Luwu Utara, Chaneltimur.com – Komitmen perdamaian warga Desa Munte dan Desa Karondang, Kecamatan Tana Lili mulai terlihat nyata.
Setelah mengikuti Forum Dialog Perdamaian bersama Forkopimda Luwu Utara pada, Kamis 10 September 2026, masyarakat dua desa tersebut secara sukarela menyerahkan senjata api rakitan jenis Papporo kepada aparat.
Langkah ini merupakan tindak lanjut dari 7 poin Ikrar Damai yang telah ditandatangani bersama. Salah satu poin pentingnya adalah larangan menyimpan dan membawa senjata rakitan maupun senjata tajam.
Wakil Bupati Luwu Utara H. Jumail Mappile yang hadir dalam dialog tersebut menyampaikan apresiasi. Ia berharap perdamaian ini dijaga secara permanen dan tidak hanya bersifat seremonial.

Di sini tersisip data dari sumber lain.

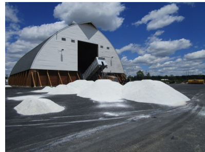
It looks like snow, but it is the salt deliveries being stacked in the storage barn.

Salt deliveries were scheduled for the month of June taking advantage of dryer weather for piling salt and to ensure that an adequate supply is on-hand for the coming snow season. Approximately 1100 tons of salt was purchased for just over $57,000. With this most recent delivery and the road salt already in the barn the city has a total amount of 3,500 tons.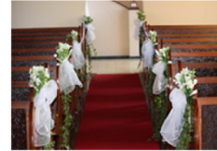
Our beautiful church ready for a wedding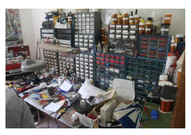
Dennis K1LGQ has a large parts inventory.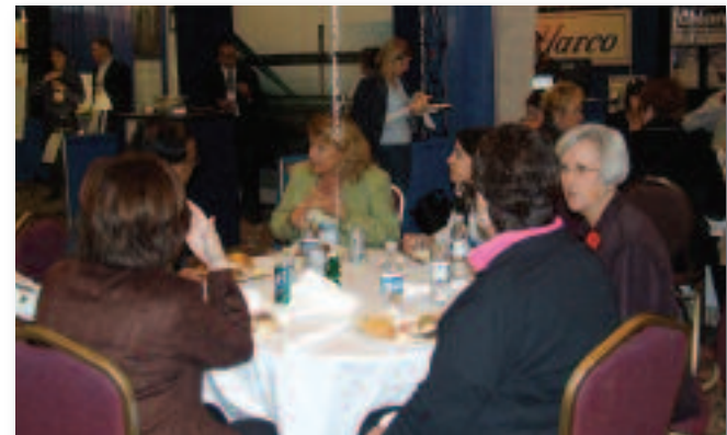
More lunchtime networking!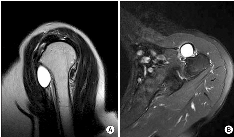
Fig. 1. (A) The sagittal view of T2 weighted image of magnetic resonance imaging (MRI) shows oval cystic mass with high signal intensity, just distal to the greater tubercle. (B) The axial view of T2 weighted image of MRI shows thinning of the long head of biceps brachii tendon around the cystic mass.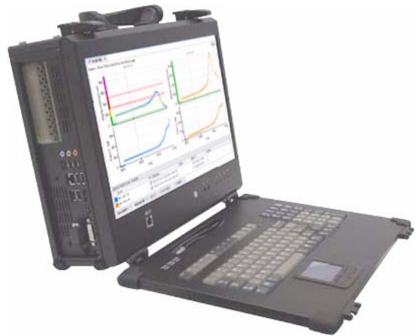
VibroSight portable analyser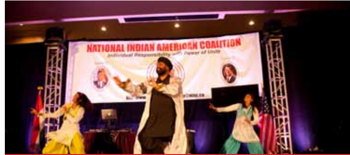
Bollywood Entertainment by Signature of Britain has Talent Fame July 16th 2011 Meet & Greet by NIAC/NIAPPI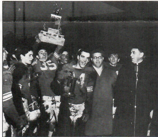
Nov. 11, 1966 – WE DID IT! Notre Dame Wins Archbishop's Trophy for the first time.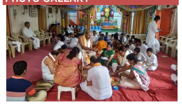
Community Yagnam on 16th Sept 2018 during Ganesh festival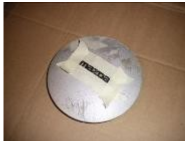
Logo masked & filled with Vaseline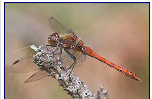
Male Common Darter ( Sympetrum striolatum ) in the Spangener Heide, part of the nature reserve Cuxhavener Küstenheiden, northern Lower Saxony, Germany.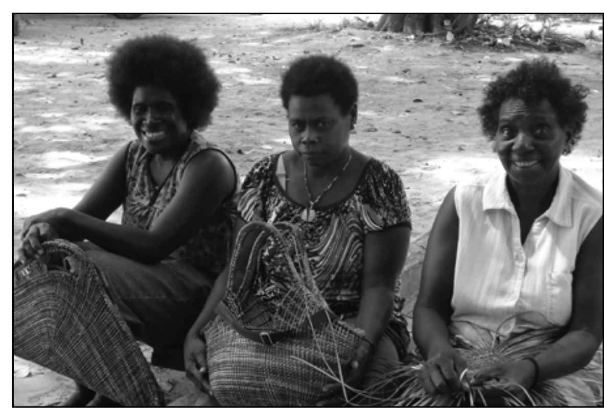
Haku COE weavers at the arts awareness workshop held by the Division of Information and Communications community engagement team.

Progress is also being made to restore Bougainville's once proud radio network and supporting New Dawn FM. The Government and NBC recently signed an MOU to upgrade NBC's facilities in Bougainville including the short wave transmitters and studio's. A major piece of this story is NBC has agreed to transmit up to 60 percent of local Bougainville content. ABG will produce the content that it wants broadcast.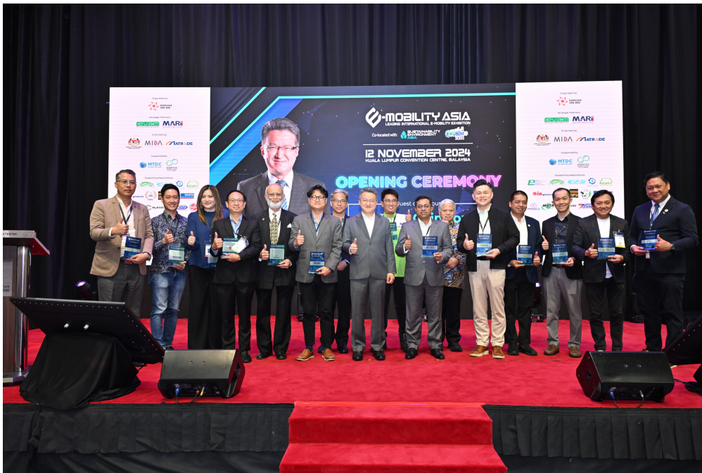
Opening Ceremony of E-Mobility Asia (EMA) 2024

E-Mobility Asia (EMA) 2024 returns from 12 – 14 November at the Kuala Lumpur Convention Centre . This event showcases the latest advancements in sustainable electromobility, featuring EV technologies, charging infrastructure, battery solutions, energy storage, logistics, and system providers.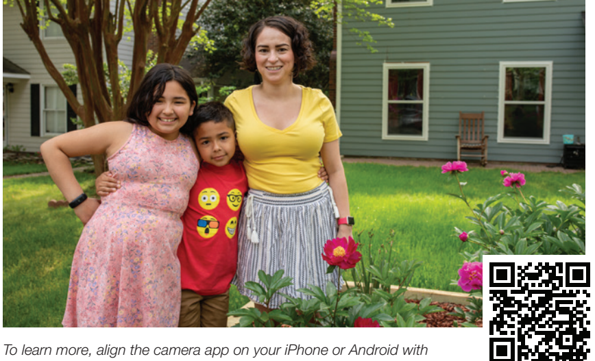
the QR code and follow the pop-up link.

"Our family would have been devastated without Medicaid. which allowed my daughter to have the surgeries, aftercare, therapy and mental health support she needed to thrive. We didn't have to choose between paying for groceries and paying for her health care."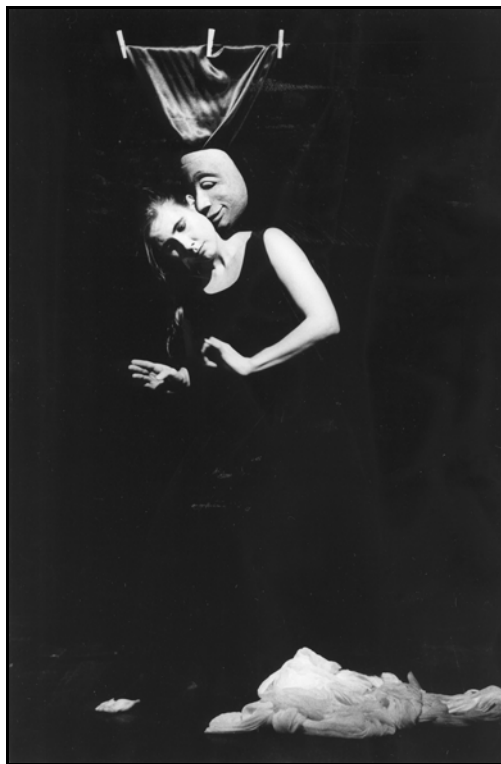
Me dancing in On-Lined, a contemporary performance, drawing on traditional Indonesian dance and mask, Performance Space, September 1995

friends and life. She watched me dance her dances, observed my strengths and weaknesses, saw me living with her family, came to live with me in my house in Yogyakarta, met my friends, and tried my food (she didn't like it much). In other words, she also embodied me, the 'western Other' so that I, too, became 'real', a part of who she was. This becoming 'real' is available if we allow the Other in and give our-Other-selves in return. Perhaps the embodiment I am speaking of here is a form of cannibalism, a more positive kind that serves to discursively negate the colonial trope of savage uncivilised cannibal imposed by the west on the Other. 18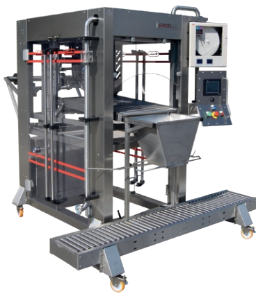
Bag-in-box filling machine DOSITEC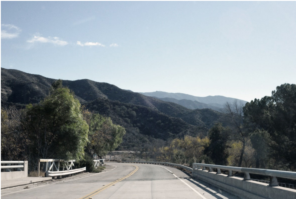
a. Existing View: View to south on Agua Dulce Canyon Road. Hillsides and ridgelines covered with low-lying vegetation form a scenic backdrop to the paved roadway. The combination of natural and infrastructure elements offers a moderate visual quality to travelers on the roadway.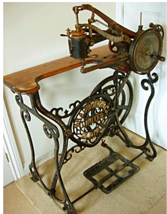
A1 Repairing Machine: The ornate stand is in beautiful condition

looking too bad. The price tag was £120, which was less than I’d seen machines in worse condition sell for. The A 1 Repairing Machine was Bradbury’s Cobbler’s machine and was known as the Shoemakers Friend; as a result these machines had a hard life and are often in poor condition. It was also exported in large numbers to America, which is where most surviving examples seem to turn up, so even though it was made in Great Britain it isn’t particularly common. I gave the machine the once over, remarkably the highly ornate stand was in excellent condition. At first I wasn’t sure if the gold had been repainted as there was so much left but checking closely it became obvious it was all original, the main problem was the pitman was missing but at least the joints were there. Moving onto the table, it may have been refinished and had split in two places then boded back together, but still, that could be fixed. The head itself was slightly worn and the bare steel parts had surface rust but the Hand Wheel had retained most of its decals. The worst part was the metal ring on which the bobbin winder is mounted had fractured, however it’s relatively minor, isn’t structural and is repairable. Lastly someone had added an additional spring between the tension discs and the arm (why??). So yes it needed some work but nothing too serious.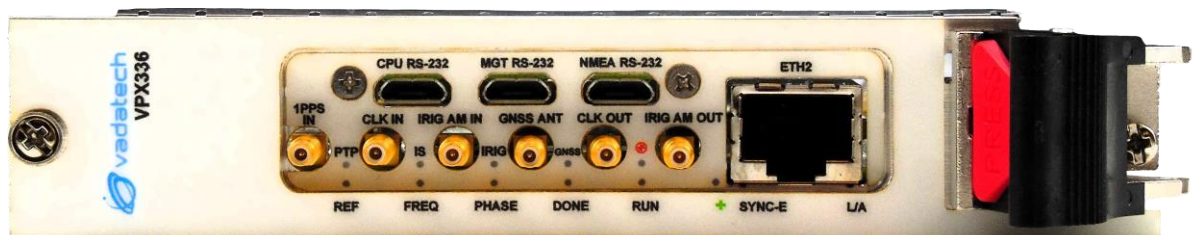
Figure 3: VPX336 Front Panel View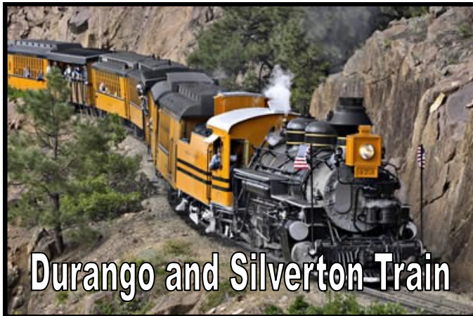
Durango and Silverton Train

and the Sandia Mountains form a beautiful backdrop to the area. The word “Sandia” means watermelon in Spanish and the mountains glow a watermelon pink at sunset. The city will be filled with tourists in town for the 2018 Albuquerque International Balloon Fiesta and this evening we will attend the Balloon Glow followed by a spectacular fireworks display.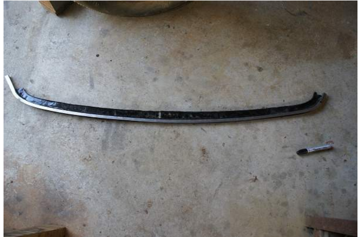
Water exclusion channel welded to header stick steel skin

The final activity was to see if it fitted to the head of the windscreen surround. It fitted beautifully and I felt rather satisfied with the effort until the hood was pulled down. Months ago the areas where rust had eaten away the window surround had been replaced and the top driver's side corner was a quarter of an inch too wide. Making it had been a difficult operation at it had compound curves. Now it was found that it needed to be reshaped. So the window surround was taken off, modified to the correct shape and refitted. This time when the hood was pulled down it met the header stick in just the right location (give or take a 1/16<sup>th</sup> of an inch). That seemed to be a pretty good outcome so it was left at that.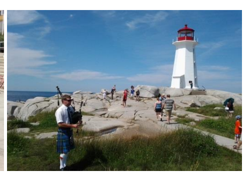
History (Winning Photos)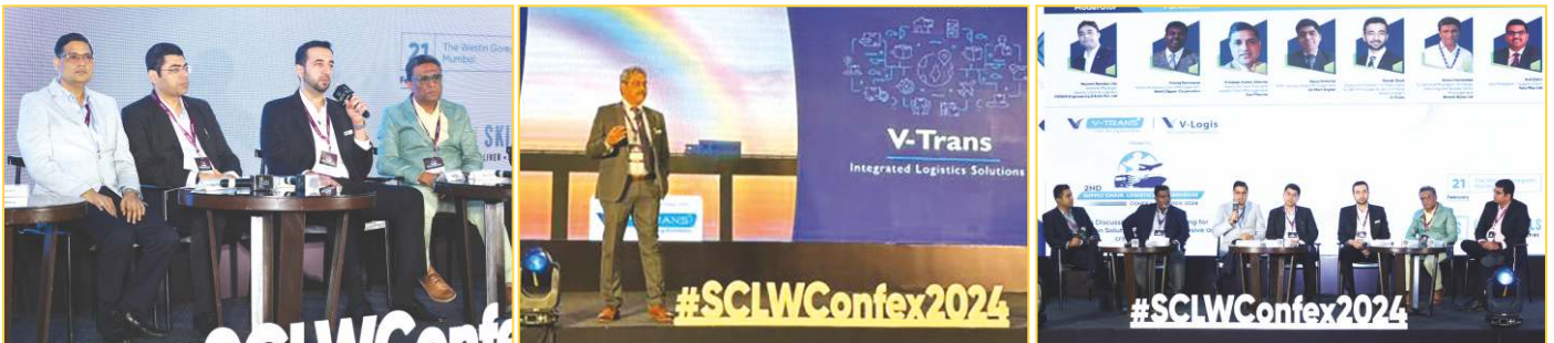
SCLWC, Gain Skill conference glimpse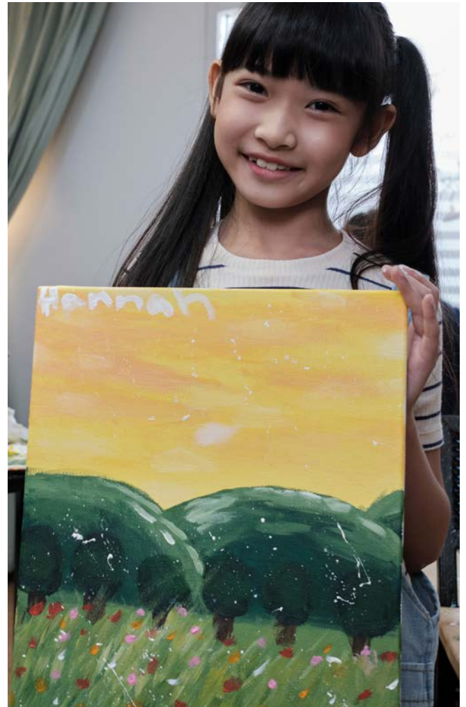
Bring out your inner Monet with Art for Kids.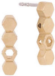
CCE-2013 € 19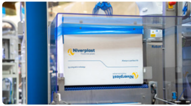
1 Box positioning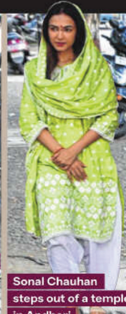
Sonal Chauhan steps out of a temple in Andheri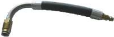
Part # DFM12 NEW Deep Flare Male 1/2 2003 + Ford

Hook up to bottom line on the temp valve on the transmission side. New fluid line toward transmission.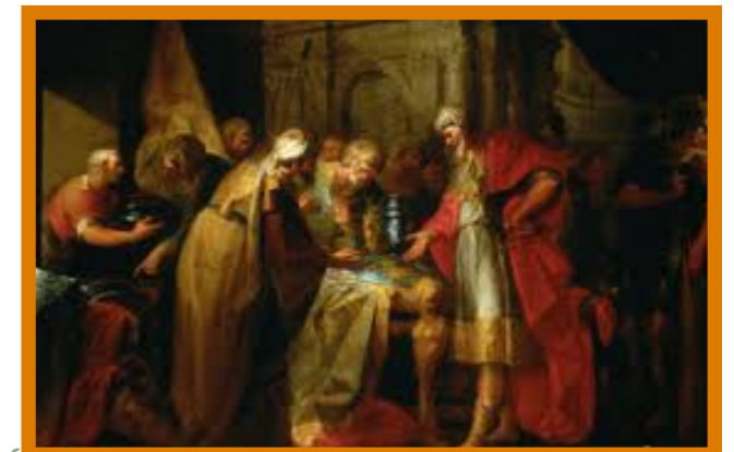
Hezekiah shows all his wealth to visiting Babylonians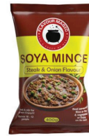
Steak & Onion 400 Grams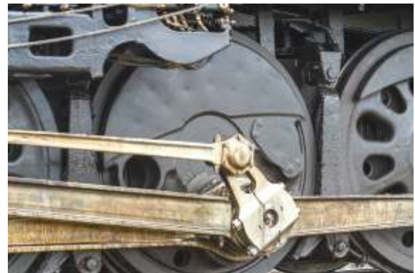
Big Animals and Big Machinery at the Big Boy Train and Bison Ranch Excursion, page 14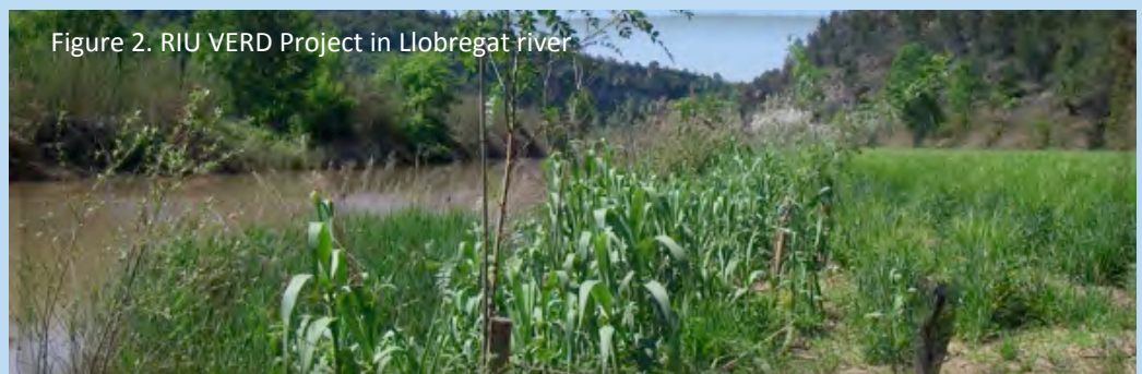
Figure 2. RIU VERD Project in Llobregat river

Furthermore, these economic benefits of river restoration were viable even after both treatment facilities had installed new and sophisticated water treatment technologies. In 2009, the water purification plant managed by Aigües Ter-Llobregat (ATLL) in Abrera installed an electro dialysis reversal, while simultaneously the water purification plant of Aguas de Barcelona (ABGAR) invested in a reverse osmosis system. Therefore, regardless of the technological context, investing in ecosystem services may make economic sense (Honey-Rosés, Schneider & Brozovic 2014).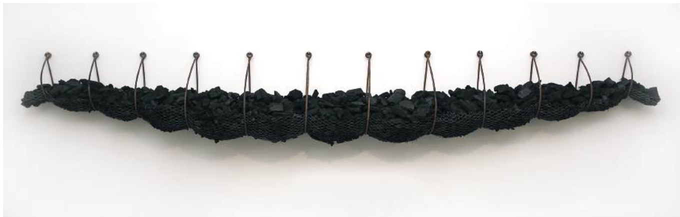
Ivens Machado, Untitled , 2006 Iron, mesh, and charcoal 80 x 50 x 550 cm Unique work in a series of 6 Courtesy Acervo Ivens Machado and Fortes D'Aloia & Gabriel, São Paulo/Rio de Janeiro.

The first part of the exhibition will present a selection of video and photographic works documenting the performances from this period. It will show how social tensions were expressed through the body and performative gesture. Issues of violence, repression, and sexuality are addressed , often in a very explicit manner. These are all themes that Ivens Machado has explored throughout his life through a variety of materials.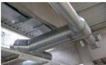
Mechanical / Plumbing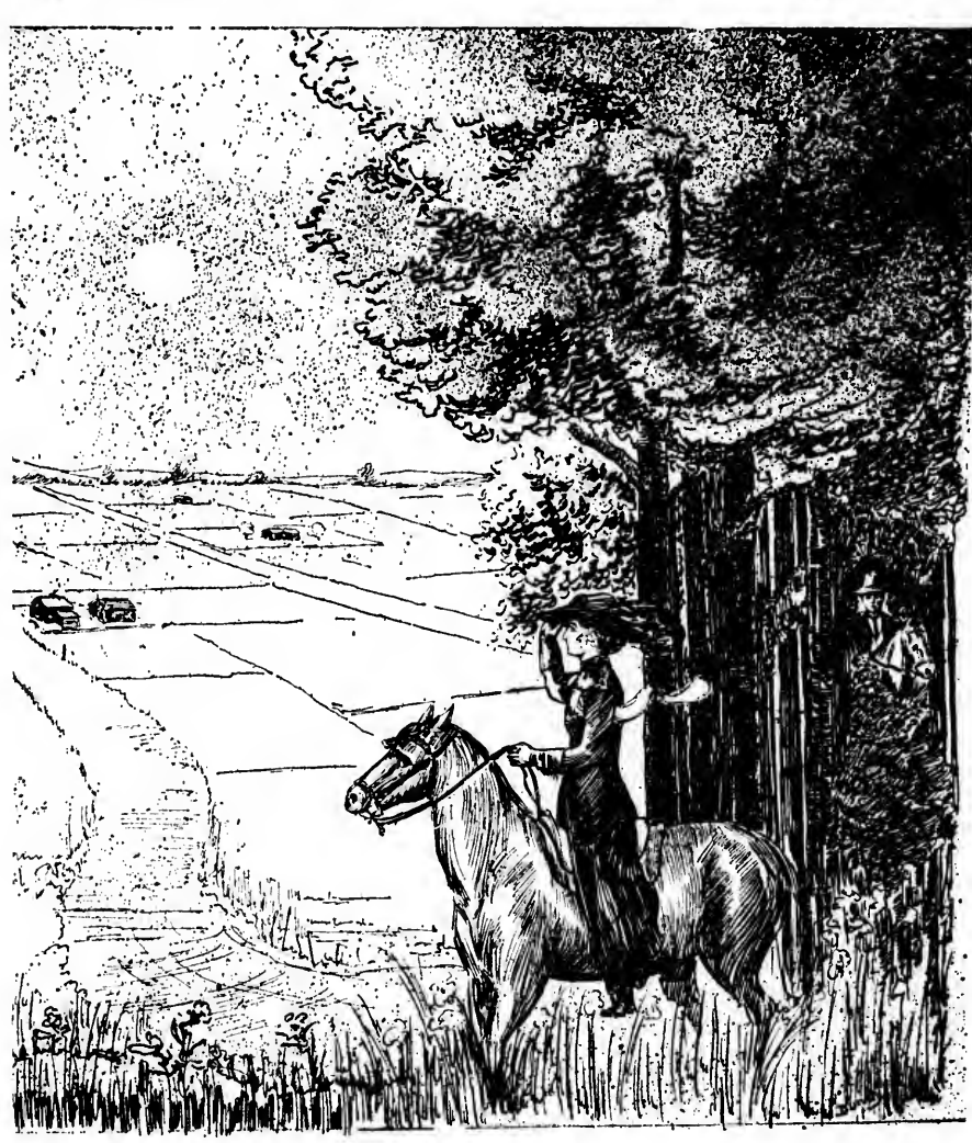
She stopped, and standing up in her stirrups, she raised herself up as high as possible and looked across the country.

It was none of his business where she was going,—perhaps to the home of some settler who was sick that she knew of, or perhaps to stay all night at the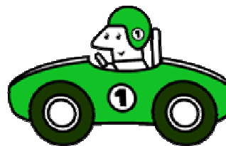
"MOM, I'M GONNA BE SICK!"

front window and concentrate on objects at a distance.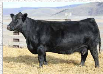
Sapphire, Dam of Logan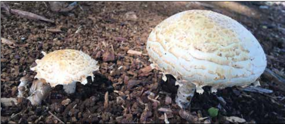
Figure 3. Saproamanita (Amanita) manicata often occurs at Bay Front in Hilo on the Big Island.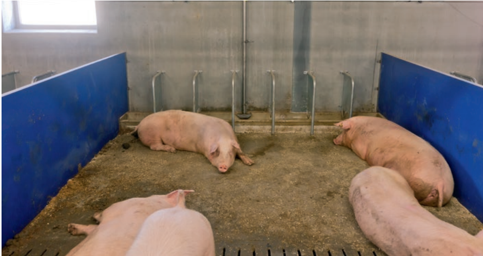
Group pen with ample freedom of movement for the sows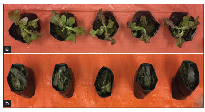
Figure 3: Red leaf lettuce plants after 45 days of growth. A) normal, untreated red leaf lettuce plants and B) symptomatic red leaf lettuce plants

edible mushroom (Singh et al. , 2006; Shah et al. , 2012; Wang et al. , 2016) and cellulolytic filamentous fungus that can often contaminate mushroom substrates (Colavolpe et al. , 2015). In Hungary, Trichoderma aggressivum f. europaeum and Trichoderma aggressivum f. aggressivum (Th4) have also been reported to cause Agaricus green mould (Hatvani et al. , 2007; Aydoğdu et al. , 2020). The mushroom growing industry and Croatian mushroom farms (Croatia) faced high detrimental quality caused by this fungus (Samuels et al. , 2002; Hatvani et al. , 2012; Colavolpe et al. , 2015). T. viride and T. harzianum reported can damage P. nigra seedlings. Following inoculation with T. viride for two years about 30 to 80 per cent mortality of P. nigra seedlings was described (Nicosia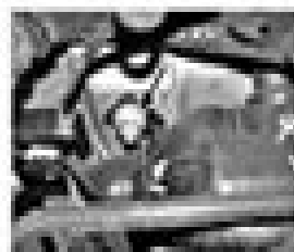
4.3 Fuel tank retaining bolt - note shape

by disconnecting from the differential flange, refer to Chapter 8 for further information.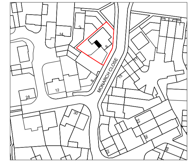
Proposed Location Plan - 1:1250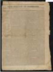
Newspaper: Herald of Freedom, Vol. I, No. 48, September 12, 1832 (1998.010.013 AB)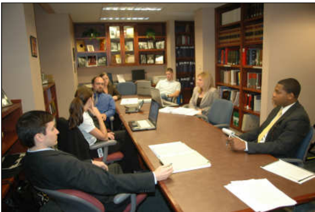
Students in the Externship Programs discuss their cases.

“As a member of the legal profession, we can make a huge difference in these children's lives.”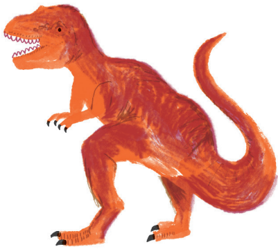
TYRANNOSAURUS REX tai-ra-nuh-saw-ruhs--rex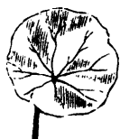
Orbicular Leaf of Tropaeolum.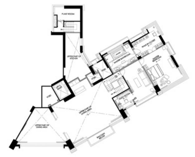
4/E UPPER FLOOR LAYOUT PLAN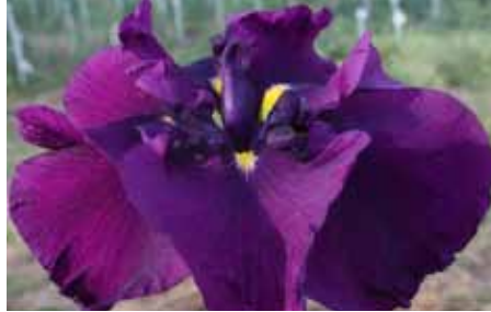
Midnight Fireworks - JI (Aitken)

READ THIS ISSUE ONLINE AT www.region15ais.org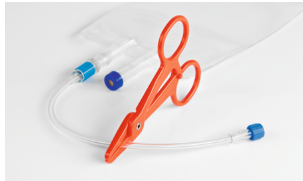
Figure 3: Clamped tubing.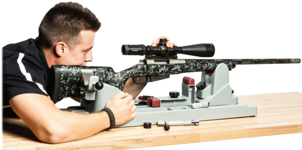
Visually bore-sighting a rifle.

Senada, Ketua DPRD Luwu Utara H. Husain menekankan pentingnya pendekatan kekeluargaan dan musyawarah dalam menyelesaikan setiap persoalan antar warga.
Sementara itu, pihak Polres Luwu Utara menegaskan kesediaannya memproses permohonan pemutihan bagi terduga pelaku, dengan catatan seluruh senjata rakitan yang ada harus diserahkan terlebih dahulu.
Kapolsek Bone-Bone AKP Muhajir bersama jajaran juga terus melakukan pemantauan dan pembinaan di dua desa tersebut agar situasi tetap aman dan kondusif.
Dengan penyerahan senjata ini, diharapkan tidak ada lagi potensi konflik susulan dan aktivitas warga di Jalan Poros Munte-Karondang dapat berjalan normal kembali.